When they started in 1996, they didn’t know Para Games existed. But the coach liked the determination of the boy he first saw at an inter-school in Ganganagar, and whom he later listed with the Government College in Hanumantgarh.
The coach and athlete would travel to meets for able-bodied athletes, though by the 2002 Asiad, the two were ready to hit international headlines. Still, it was a lot of hard work to take a boy throwing 47m up to 62 in the next 15 years.
“His hand is amputated, but few people know that the electrocution also burnt his thigh and lower leg. The doctor had said it will be hard for him to even walk,” Singh says. Though the throwing right arm is healthy, the left arm is important in javelin because it offers the last instance jerk — power and force — before the javelin is sent into flight, and with a severely weakened left arm, that force was missing from the technique. Weight training was also next to impossible.

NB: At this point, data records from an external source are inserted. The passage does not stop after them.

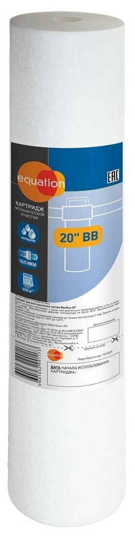 Картридж механической очистки Equation BB20 для холодной воды, 5 мкм информация: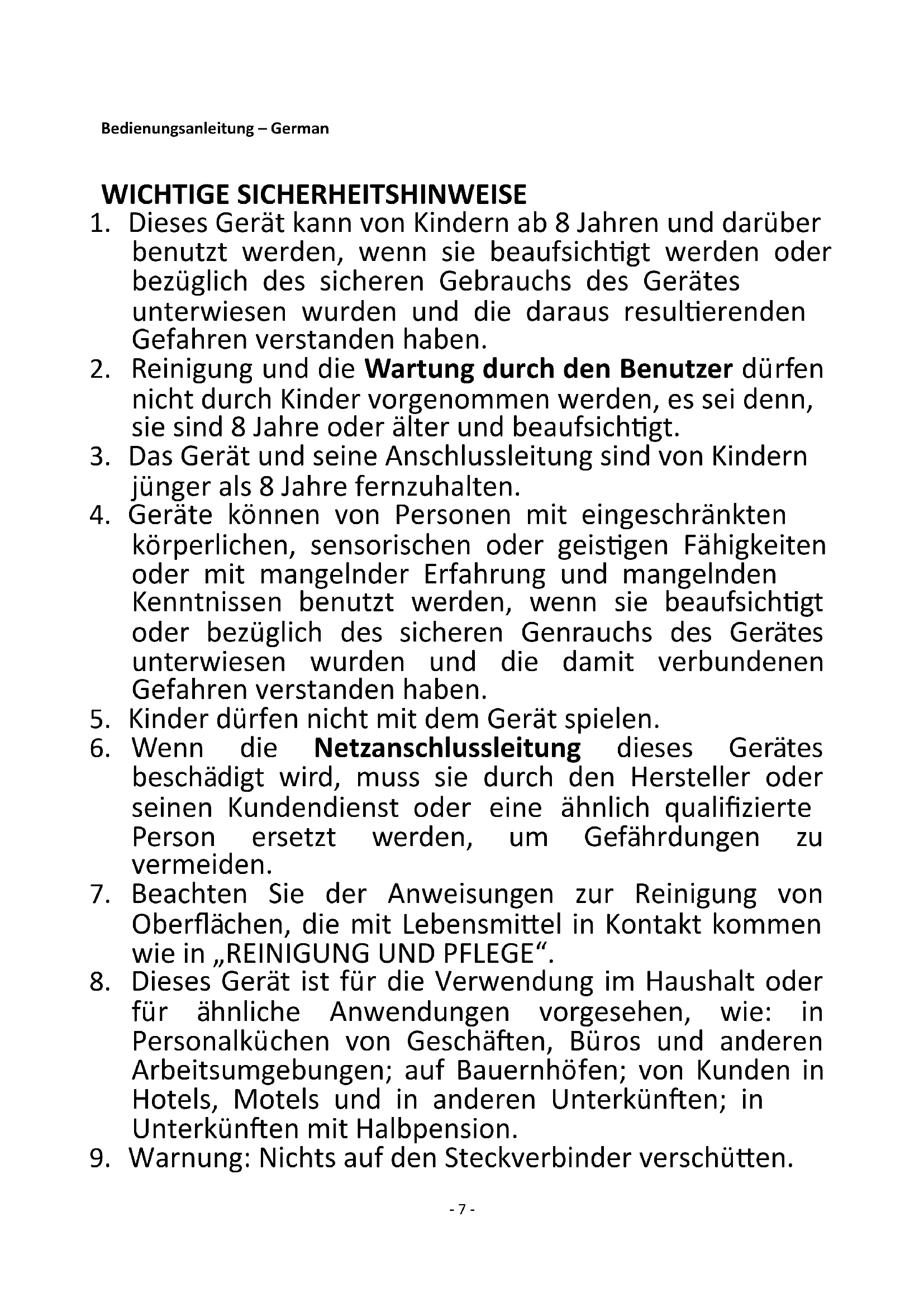 8. Dieses Gerät ist für die Verwendung im Haushalt oder
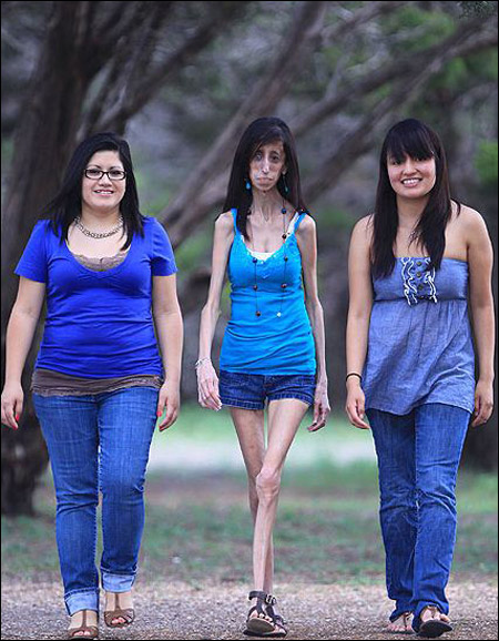 من اغرب الصور التي شاهدتها حتى الان صور هاته الفتاة التي تدعى ليزي فيلازكويز طالبة الاتصالات في جامعة أوستن بتكساس وزنها لايتجاوز 25 كلو غرام بسبب فقدان جسمها الدهون نتيجة لمرض لم يتمكن الاطباء من اكشافه الى الان تتناول اكثر من ست وجبات يوميا اي مايعادل 5 آلاف إلى 8 آلاف سعره حرارية ومابين 15او20 دقيقة للحفاظ على استقرار صحتها .الصور غريبة جدا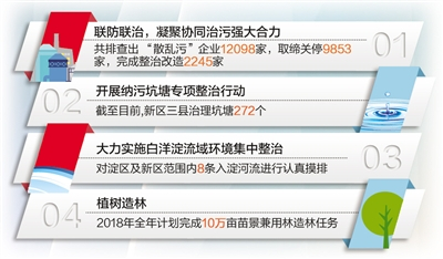 联防联治,凝聚起协同治污的强大合力。新区对环保部门督查发现的674个环境问题进行严格排查整治、严厉打击和严肃问责,所有环境问题全部得到整改。按照“关停取缔、整治提升”分类抓整治,新区共排查出“散乱污”企业12098家,取缔关停9853家,完成整治改造2245家。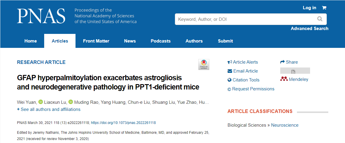 近日,国际顶级科技期刊《PNAS》在线发表了我校精神神经医学研究院孔二艳博士团队的研究成果“GFAP hyper-palmitoylation exacerbates astrogliosis and neurodegenerative pathology in PPT1-deficient mice”,华亿在线手机版(大中国区)为论文第一完成单位,孔二艳博士为通讯作者。该研究受到国家自然科学基金和河南省特色骨干学科建设项目的支持。

But Jhajharia has come a long way since he took his first few steps at a meet in Madurai, winning at shot put and javelin, before travelling for the World Para Championships. He was fourth at Rajasthan’s inter-university in an able-bodied open event, but later took off owing to his focus.
It was difficult to draw him out of his town, though. “I told him to come train with me, but he was shy and scared of being alone and stared at. So he brought along three of his friends, who were hammer throwers,” said his coach.
He recently travelled to Finland for specialised javelin training for two months — this time confident of his training plan and assured in his position as a defending champ.
Gurjar’s was a case of bad luck, though sketchy reports emerging from Rio point to the boy being missing at the time his name was announced five times on the PA system.
Jhajharia had first spotted the boy after a tin sheet sliced his hand at a friend’s house. A vegetable seller is said to have paid Rs 30,000 for his immediate treatment, and Gurjar returned the money recently. He was a shot putter in school, but turned to javelin under R D Singh, though the coach claims that Saini — also from Rajasthan — snared him away after the boy started hitting 70m in practice.
“After his accident, his haemoglobin had dropped drastically. But he recovered, and was throwing 72m — it could have easily been gold-silver for us,” R D Singh says.
The coach hardly ate the entire day, saddened by what Gurjar had gone through. But he is keen to celebrate Jhajharia’s win once he returns. “He loves non-veg food. Lots of food and old stories when he returns,” he says, adding, “It was a routine — I’d tell him, ‘Beta, meri izzat ka sawaal hai (It is a question of my respect)’, and he would say, ‘Aap chinta mat karo (Don’t worry)’.” The coach had also taken the lead when Jhajharia was to meet a girl to get married to. “It was tougher to teach him to talk to girls than to throw a spear. He was too shy,” says the coach.